*** Opening DATA BLOCK ***

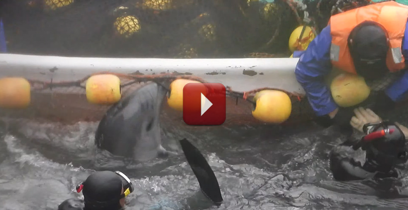 Bild: Vier entführte Delfinkinder, von ihren Mütter entrissen, werden zu einem Schwimmgefängnis im Hafen transportiert und hineingeworfen
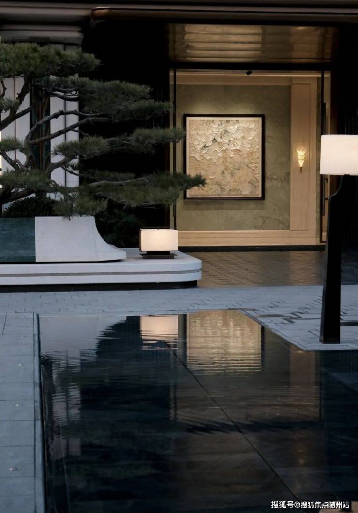 特选江南诗意感的园林树种:四棵百年红枫。开门见山,独属于杭州天珺的城市山林度假感,精致的水景采用了印度银河绿大理石作为基底,水流从挑台上潺潺流下,营造出山林叠瀑的意境。行走其中,我们可感知到每一处细节都经过精心雕琢,无论是地面石材的精心挑选与面层打磨、灯光的布局,还是装饰的点缀,都体现出设计对品质的不懈追求。
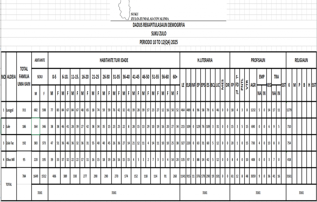 Sucu zulo kompostu husi aldeia 4  total Populasaun 3,109 hanesan tuir mai ne’e
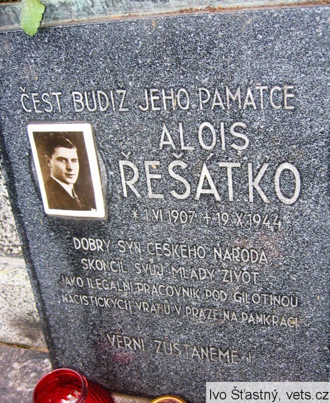 Alois Řešátko, narozen 1. 6. 1907 v Hořovicích, byl popraven v Praze 19. 10. 1944 za přechovávání osob nepřátelských říši.

*** Closing DATA BLOCK ***

- **DIRECTIONS FOR THIS TASK**
Reproduce word for word the lines from the line holding "特选江南诗意感的园林树种:四" through the last line of the material above, inclusive, and keep pictures out of it.

- **OUTPUT**
 特选江南诗意感的园林树种:四棵百年红枫。开门见山,独属于杭州天珺的城市山林度假感,精致的水景采用了印度银河绿大理石作为基底,水流从挑台上潺潺流下,营造出山林叠瀑的意境。行走其中,我们可感知到每一处细节都经过精心雕琢,无论是地面石材的精心挑选与面层打磨、灯光的布局,还是装饰的点缀,都体现出设计对品质的不懈追求。
 Sucu zulo kompostu husi aldeia 4  total Populasaun 3,109 hanesan tuir mai ne’e
 Alois Řešátko, narozen 1. 6. 1907 v Hořovicích, byl popraven v Praze 19. 10. 1944 za přechovávání osob nepřátelských říši.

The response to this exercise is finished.